### Directions for this task
Range to repeat from the listing below: the line containing "records and print" down to the line containing "L’evento rappresenta un’occasione", both included. Copy it exactly, pictures excluded, and add nothing else.

### Source data
········

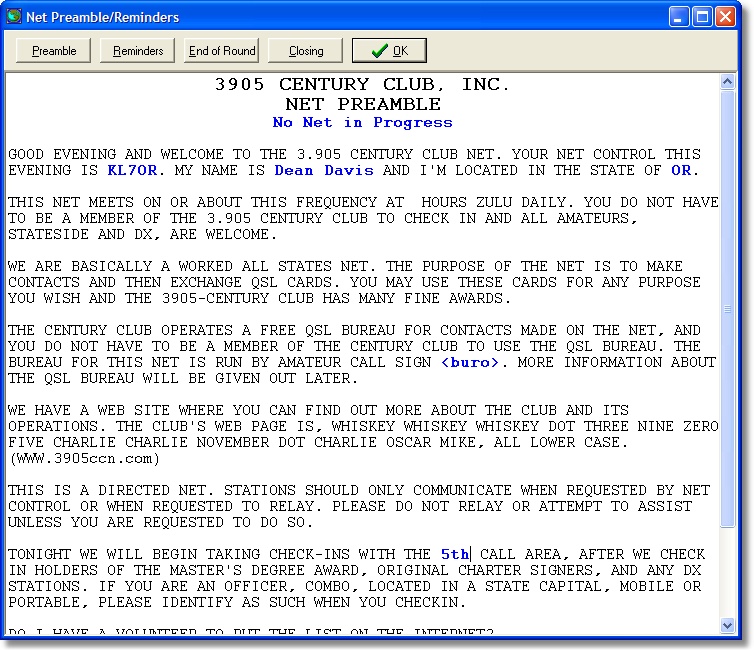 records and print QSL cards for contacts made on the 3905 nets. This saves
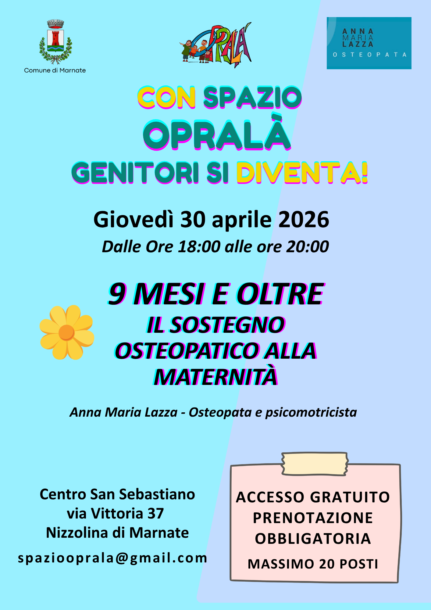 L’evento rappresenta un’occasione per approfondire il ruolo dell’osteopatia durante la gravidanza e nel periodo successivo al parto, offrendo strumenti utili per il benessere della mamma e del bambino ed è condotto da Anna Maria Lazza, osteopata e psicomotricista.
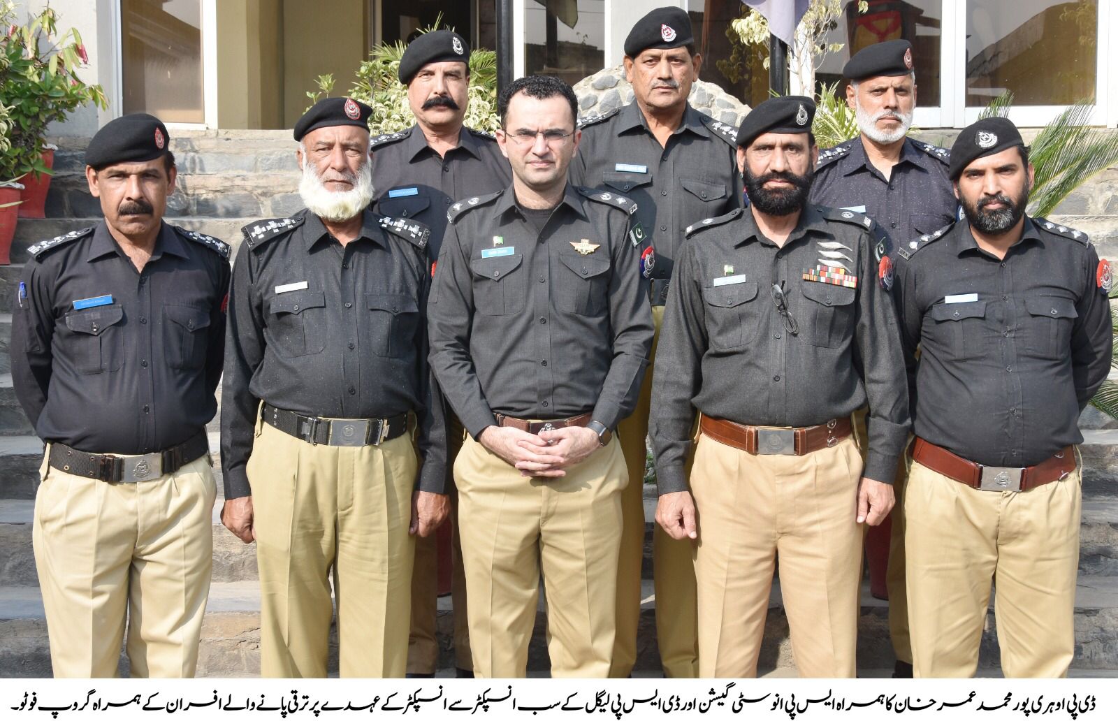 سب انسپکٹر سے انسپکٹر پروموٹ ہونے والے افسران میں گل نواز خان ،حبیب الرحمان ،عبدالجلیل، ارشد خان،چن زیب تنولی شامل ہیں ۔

········

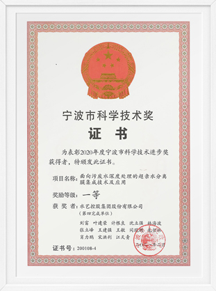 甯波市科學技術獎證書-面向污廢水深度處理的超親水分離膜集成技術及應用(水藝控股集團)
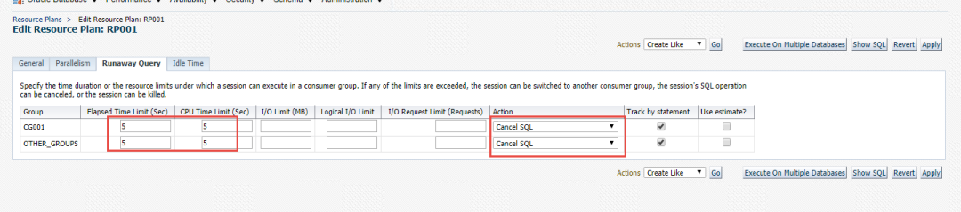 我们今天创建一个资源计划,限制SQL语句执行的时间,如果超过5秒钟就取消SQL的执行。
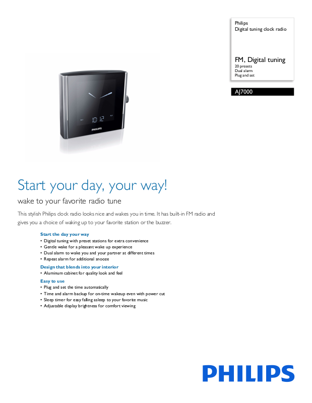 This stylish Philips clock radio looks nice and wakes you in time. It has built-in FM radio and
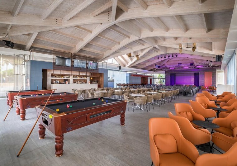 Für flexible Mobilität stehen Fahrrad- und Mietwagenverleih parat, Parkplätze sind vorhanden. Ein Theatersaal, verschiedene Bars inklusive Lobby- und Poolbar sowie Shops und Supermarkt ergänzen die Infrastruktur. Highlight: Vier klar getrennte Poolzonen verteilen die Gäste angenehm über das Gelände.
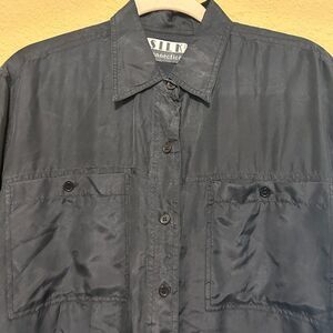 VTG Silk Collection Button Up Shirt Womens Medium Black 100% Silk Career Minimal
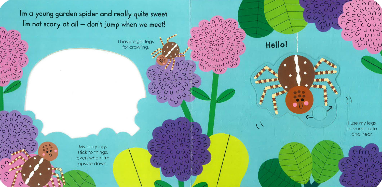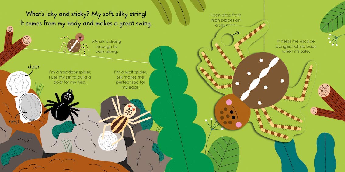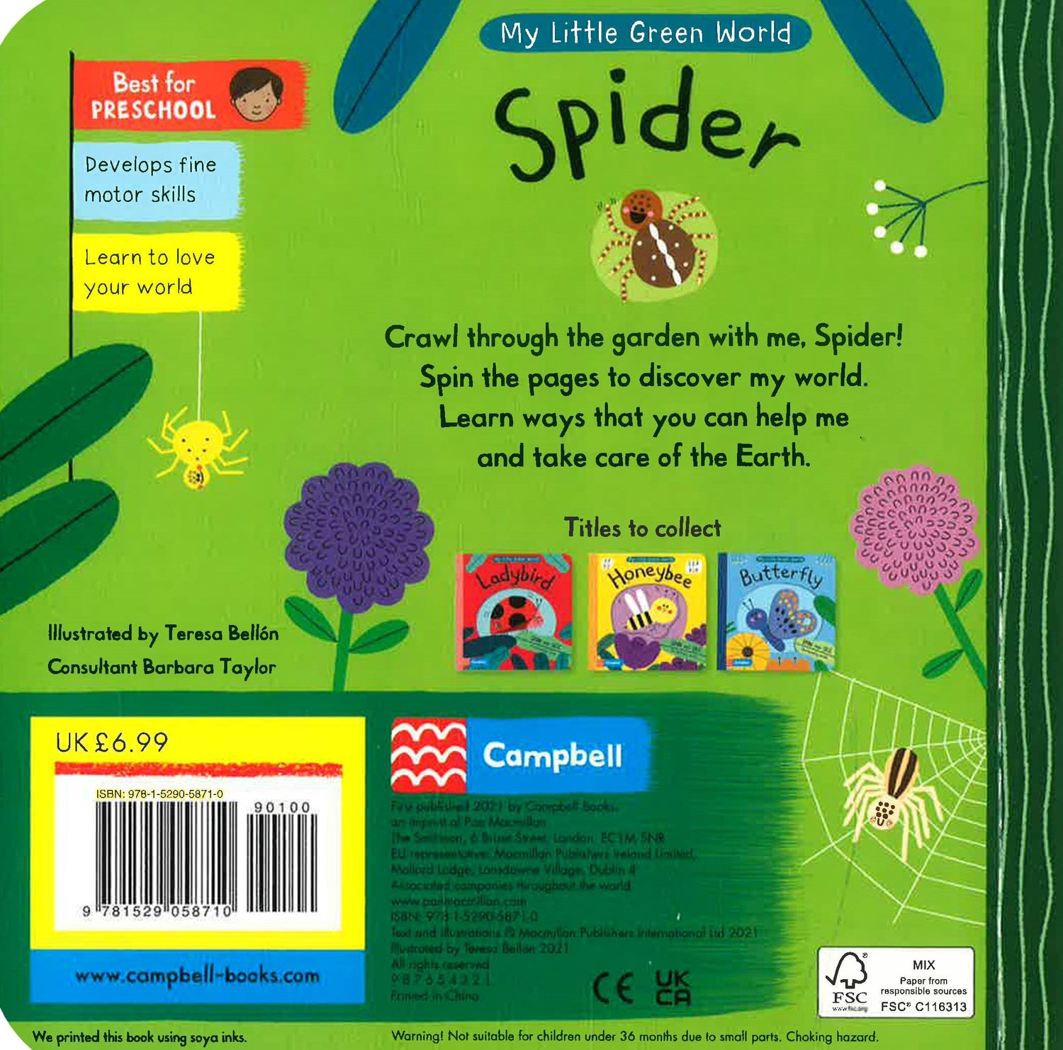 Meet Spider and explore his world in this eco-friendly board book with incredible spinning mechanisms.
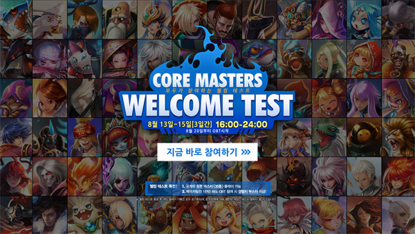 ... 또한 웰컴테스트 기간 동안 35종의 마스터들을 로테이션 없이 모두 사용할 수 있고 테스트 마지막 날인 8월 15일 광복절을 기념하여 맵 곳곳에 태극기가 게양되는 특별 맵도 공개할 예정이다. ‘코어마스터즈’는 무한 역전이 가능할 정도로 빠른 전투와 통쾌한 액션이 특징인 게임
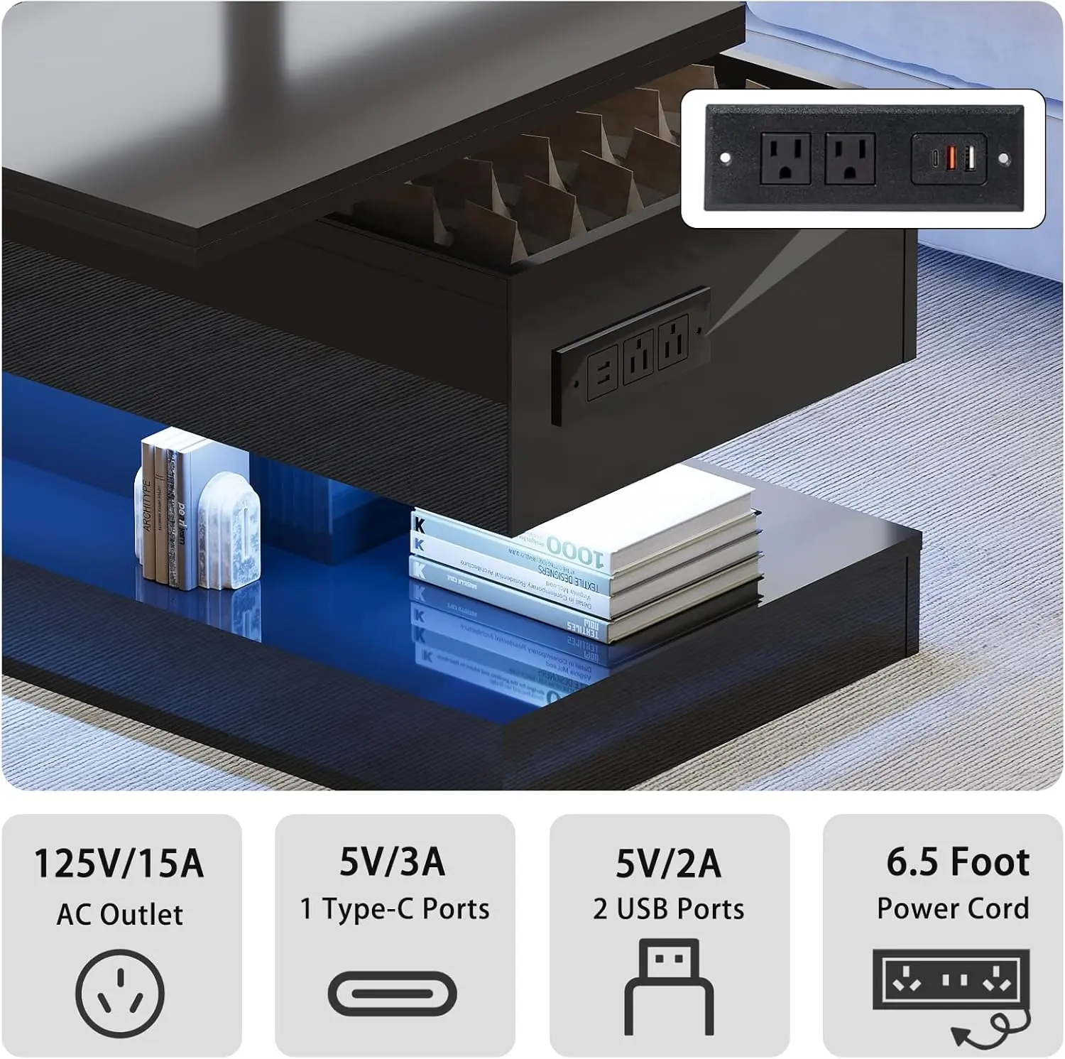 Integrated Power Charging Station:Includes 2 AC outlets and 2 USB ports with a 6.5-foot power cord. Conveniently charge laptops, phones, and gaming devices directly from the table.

········

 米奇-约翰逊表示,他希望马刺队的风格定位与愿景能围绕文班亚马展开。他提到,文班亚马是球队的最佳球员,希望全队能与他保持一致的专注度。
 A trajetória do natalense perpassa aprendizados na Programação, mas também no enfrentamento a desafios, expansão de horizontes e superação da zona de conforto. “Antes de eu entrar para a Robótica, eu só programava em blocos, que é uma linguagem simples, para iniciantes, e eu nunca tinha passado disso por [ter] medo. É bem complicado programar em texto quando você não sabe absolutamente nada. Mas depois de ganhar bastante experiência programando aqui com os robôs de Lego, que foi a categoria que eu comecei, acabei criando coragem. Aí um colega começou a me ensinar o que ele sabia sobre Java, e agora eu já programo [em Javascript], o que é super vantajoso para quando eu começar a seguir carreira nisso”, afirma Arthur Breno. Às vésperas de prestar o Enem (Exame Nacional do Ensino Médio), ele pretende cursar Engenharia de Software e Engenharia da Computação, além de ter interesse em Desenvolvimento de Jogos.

········

### Response area
 records and print QSL cards for contacts made on the 3905 nets. This saves
 L’evento rappresenta un’occasione per approfondire il ruolo dell’osteopatia durante la gravidanza e nel periodo successivo al parto, offrendo strumenti utili per il benessere della mamma e del bambino ed è condotto da Anna Maria Lazza, osteopata e psicomotricista.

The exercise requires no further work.